Но на самом деле я знала, что это не сойдет мне с рук. Знала, что случится дальше. Знала, что больше не пойду пить кофе после семинара.
Да, то слово точно подходит. Диссоциация: когда разум покидает тело – для того, чтобы вынести невыносимое.
Элиан, 1943
Несмотря на длинную тень, которую отбрасывала будто бы бесконечная война, граф был все так же любезен по отношению к своим немецким «гостям», а они по-прежнему позволяли слабому старику каждый день пользоваться библиотекой и часовней. На кухне ворчание мадам Буан время от времени переливалось через край. Она досадовала на отсутствие приличных продуктов и на однообразие еды, которую ей приходилось готовить. Кусочки конины часто были единственным, что можно было получить у мясника, и она клялась, что после войны ни за что на свете больше не съест ни одного плода репы или топинамбура.
Граф теперь все чаще просил Элиан отправиться на послеобеденную прогулку вдоль садовых стен. От постоянной носки платок потерял свой яркий цвет и немного растрепался на уголках, несмотря на то, что Элиан каждые выходные с величайшей осторожностью стирала, гладила и чинила его и богатый узор на нем был по-прежнему отчетливо различим.
Но прохаживаясь теперь вдоль стен, Элиан все острее чувствовала тревогу. Чьи глаза за ней наблюдают? Она пыталась выбросить из головы милисьенов, подошедших к ее прилавку много месяцев назад, того местного мужчину и его сослуживца с беспокойным языком и змеиными глазами, и вместо этого говорила себе, что за ней смотрят Ив и его товарищи-макизары.
После ухода Ива Жак стал чаще бывать на мельнице. Элиан была ему благодарна за то, что он, когда мог, помогал Гюставу, а время от времени приносил вести о том, что Ив в порядке, прижился среди новых товарищей и просил передать, что старается не мочить ноги и регулярно меняет белье, как велели папа с мамой. Последняя часть заставила Лизетт широко улыбнуться.

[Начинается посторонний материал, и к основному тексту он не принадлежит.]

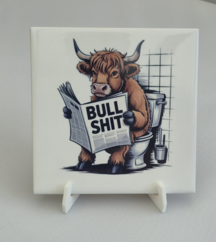 Grappige tegel met koe op toilet – inclusief houderGrappige tegel met koe op toilet – inclusief houder
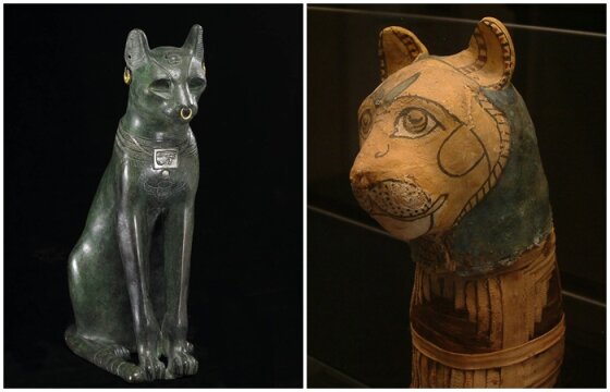 Слева направо: Кошка Гайер-Андерсона, 664-332 гг. до н.э. \ Божество с кошачьей головой Бастет.
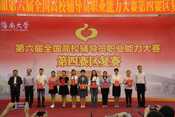 导航痕迹 当前位置: 首页 >> 新闻资讯 >> 学院新闻 >> 正文 beats365(中国区)-唯一官方网站辅导员在第六届全国高校辅导员职业能力大赛复赛中取得较好成绩 作者:李冲 发布日期:2017-04-20 浏览次数: 4月13日 至14日,第六届全国高校辅导员职业能力大赛第四赛区复赛在海南大学举行,来自西藏、云南、广西、海南、福建、广东等6省(区)经过初赛选拔的60名高校专职辅导员参加了比赛。我校辅导员饶筠筠代表广西高校参赛,以比赛第27名的较好成绩获得比赛三等奖。 本次比赛包括基础知识测试及网文写作、主题班会、案例分析、主题演讲和谈心谈话等5个环节。复赛最终评出一等奖10名,二等奖12名,三等奖18名,优秀奖20名。 获奖证书 饶筠筠老师(右四)接受颁奖 上一条:化生学院召开2016年就业工作总结表彰暨2017年就业工作大会 下一条:【学在桂工 研在化生】化生学院举办2016年大学生创新创业训练计划项目结题答辩会
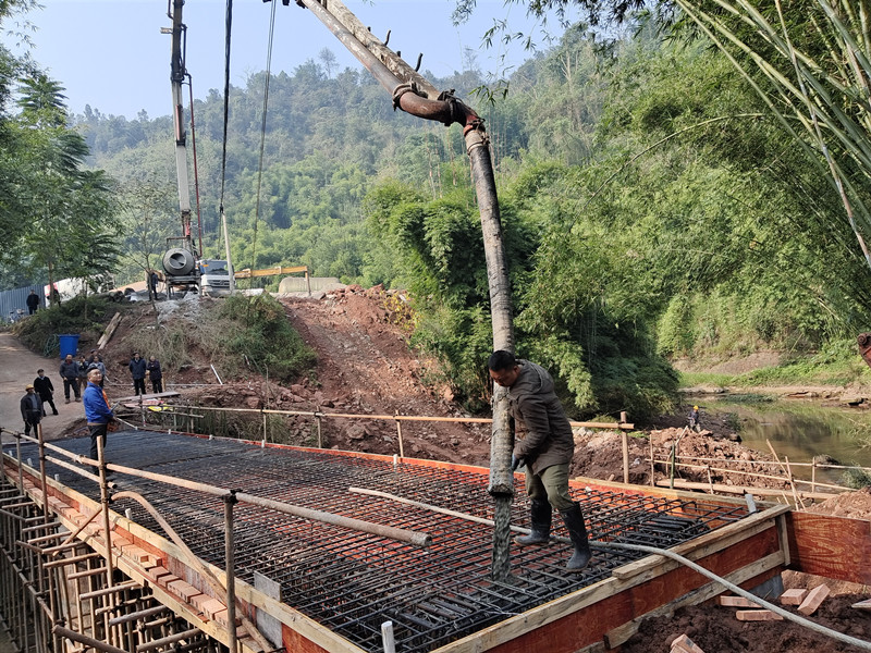 桥面浇筑水泥。
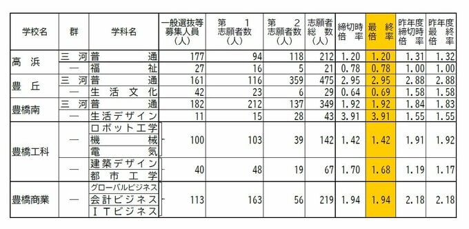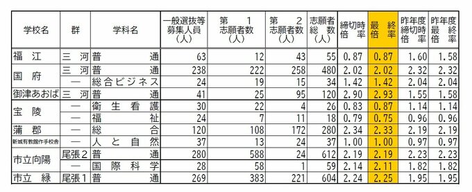【確定版】愛知県公立高校入試2025 志願倍率 全日制課程普通科 一宮1.51倍、熱田3.21倍、旭丘1.55倍、天白3.14倍、岡崎1.35倍 令和7年度の出願状況 全校掲載
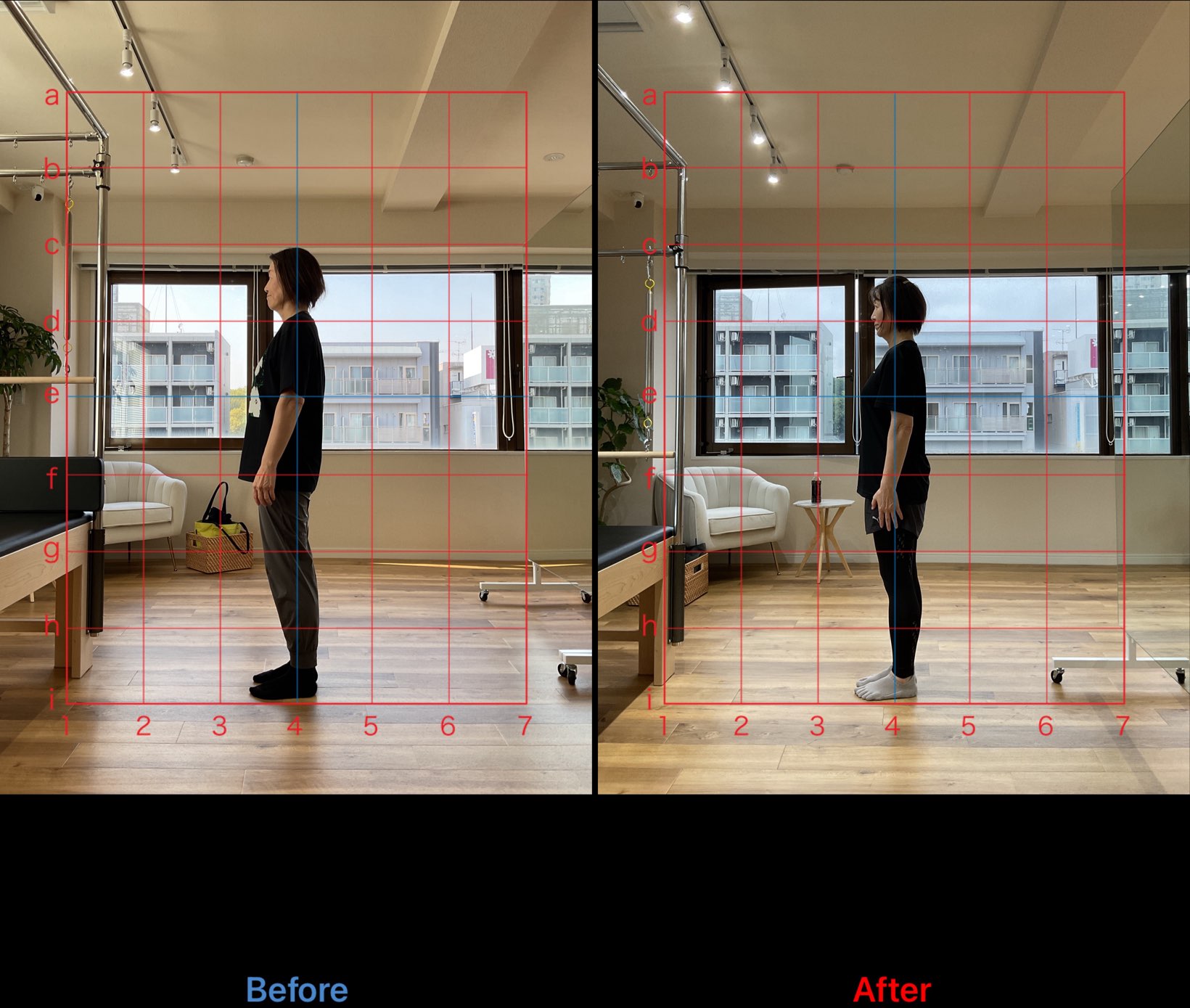 半年の継続を経て、初回と比較すると姿勢が大きく変化し、柔軟性も向上しています。お客様からは、
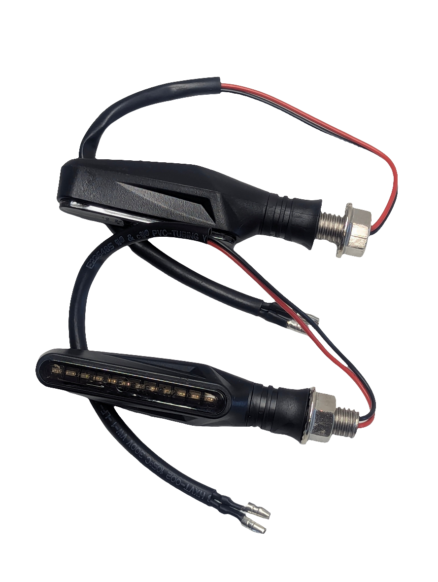 Povećajte sigurnost i stil svog motocikla uz E11 homologirane LED žmigavce s dinamičnim flow efektom. Opremljeni s 12 snažnih LED dioda, ovi žmigavci osiguravaju visoku vidljivost u prometu, čak i pri lošim uvjetima.
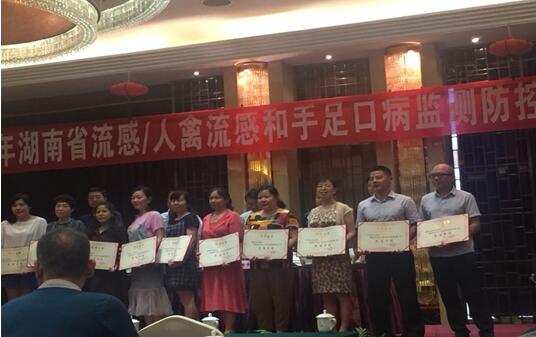 獲獎喜訊 發(fā)布時間:2018年6月30日 預(yù)覽:2315次 通訊員許媛媛報道:2016年至2018年湖南省23家國家級流感監(jiān)測哨點醫(yī)院和15家網(wǎng)絡(luò)實驗室在各級衛(wèi)生計生行政部門的領(lǐng)導(dǎo)下,認(rèn)真組織開展流感監(jiān)測,及時報送有關(guān)信息,為我省科學(xué)研判流感、人感染H7N9流感的病毒變異及疫情趨勢發(fā)揮了重要作用。為樹立典型,弘揚先進(jìn),湖南省衛(wèi)生計生委疾控處于6月25日在長沙舉行“2016年至2018年全省流感監(jiān)測工作表彰大會”,我院被授予“湖南省2016—2018年度流感監(jiān)測工作先進(jìn)集體”,院感科陳瑛同志被授予“湖南省2016—2018年度流感監(jiān)測工作先進(jìn)個人”。
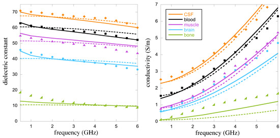 Figure 4 displays the results obtained over the 0.5–6 GHz band. Measured, predicted (from Böttcher’s model) and expected (from the Cole–Cole model) properties are in good agreement for almost all the tissues except, maybe, the measured values of conductivity for the brain and the bones that deviate a little bit from the expected values. It is worth noting that the variability of human tissue dielectric properties is very important. In the frequency band considered herein, it is evaluated in Reference [1] to be in the range (where ) of the permittivity values given by the Cole–Cole models. Concerning the breast tissues considered in Table 1, the variability is even more important as each group spans tissues with a large heterogeneity in their adipose content (see [2]—Figures 9 and 10). This means that for almost all the TMMs considered herein except the bone mimicking one, the measured values fall within the uncertainty range of the Debye and Cole–Cole models, if the variability ranges of the tissue dielectric properties can be considered as the uncertainty ranges of the parametric models.
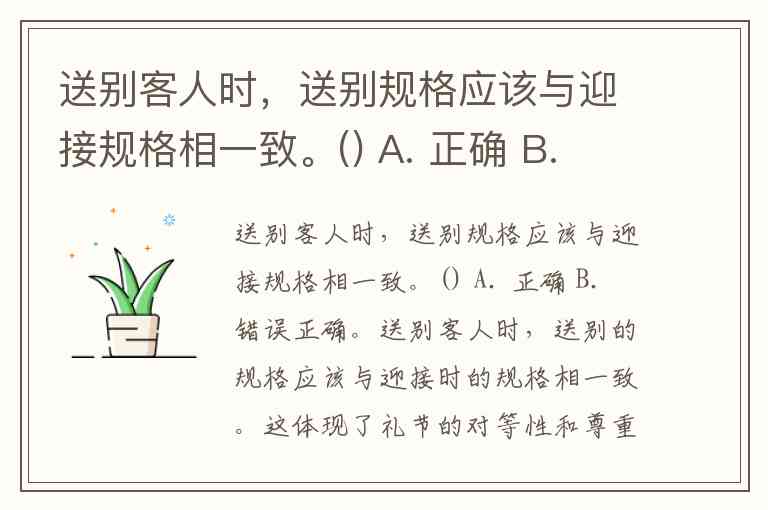 送别客人时,送别规格应该与迎接规格相一致。() A. 正确 B. 错误
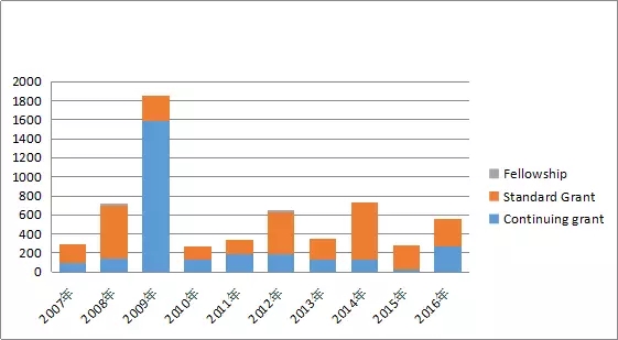 圖12:美國國家科學(xué)基金項(xiàng)目資助經(jīng)費(fèi)年度趨勢(shì)圖(2007-2016)
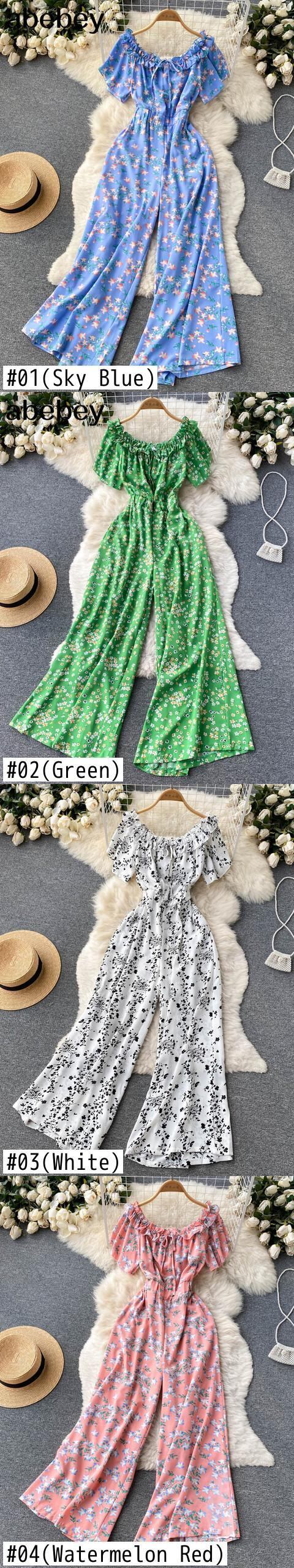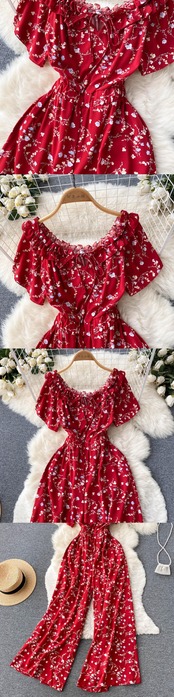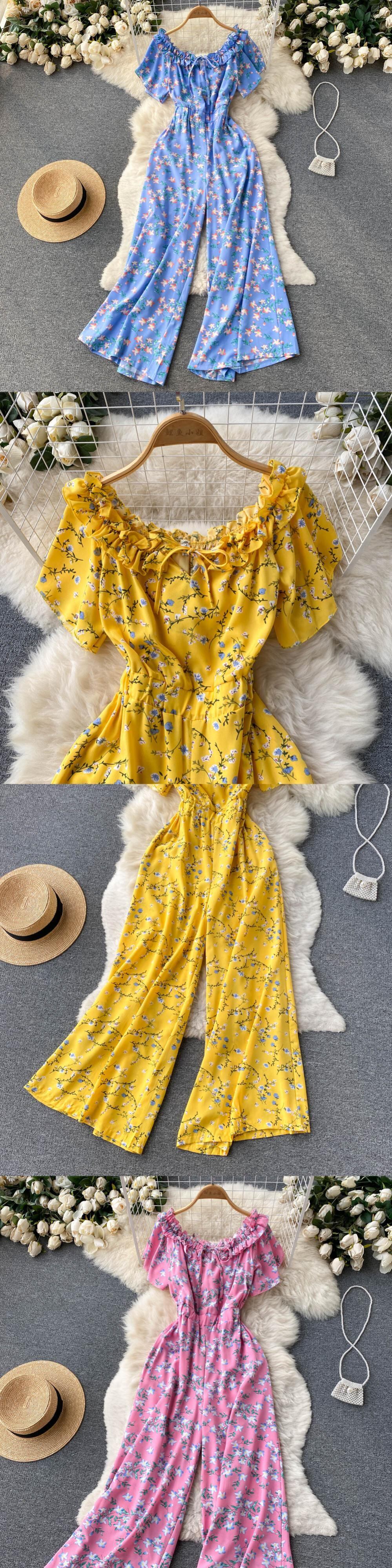 女性シフォンサマープリントジャンプスーツフローラルフリルスウィートワイドレッグロングパンツLadieBoheBeachロングジャンプスーツ ラッフル 大人ガーリー キュート カジュアル 夏物 ビーチ 花柄 ワイドパンツ Abe92583253513

– В этом действительно весь Ив! – воскликнула она. – Озорник, как обычно!
Элиан также заметила, что Жак не торопится уходить с мельницы после того, как передаст новости или принесет им хлеба из пекарни. Он часто задерживался, потягивая травяной чай и расспрашивая Элиан о том, как прошел ее день. Они как будто никогда не говорили о чем-то слишком серьезном, но она ощущала, как углубляется между ними связь, и не могла не заметить, что Жак теперь стал целовать ее при прощании и, по-видимому, с неохотой возвращался в свою одинокую квартиру над пекарней.
Сама она стала замечать, что иногда думает о нем, занимаясь своими делами в шато или играя на мельнице с Бланш. То, как его волосы падали на один глаз; то, как загоралось его лицо, когда он видел ее; то, как быстро выражение его лица менялось с серьезного и сосредоточенного на расслабленное и смеющееся. Все это были его черты, от которых ей казалось, что на улице стоит летний день, даже когда небо затянуто тучами. Он так хорошо играл свою роль, прожив среди местных уже почти три года, что она почти и забыла, что он был англичанином, который наверняка со дня на день исчезнет, вернувшись на родину.
Когда жестокая зимняя стужа ослабила свою хватку, а в грязной траве вдоль речного берега показались первые нарциссы, Мартены вздохнули с облегчением: по крайней мере Иву теперь будет немного легче в той пещере или на той лесной поляне, которые стали ему домом.
В газетах все чаще сообщали о деятельности Сопротивления: мосты и железнодорожные линии саботировали, а на продовольственный склад под Кульяком совершили налет. Хотя в статьях эти случаи описывались самым осуждающим тоном, многим они давали надежду на то, что ход войны меняется. Но подрывные действия никогда не оставались безнаказанными: милиция и гестапо забирали людей на допросы. Одни возвращались домой, избитые и сломленные, не в состоянии посмотреть в глаза соседям, вынужденные под пытками выдать кусочки информации – настоящей или только догадок. Другие не возвращались совсем. Иногда забирали целые семьи.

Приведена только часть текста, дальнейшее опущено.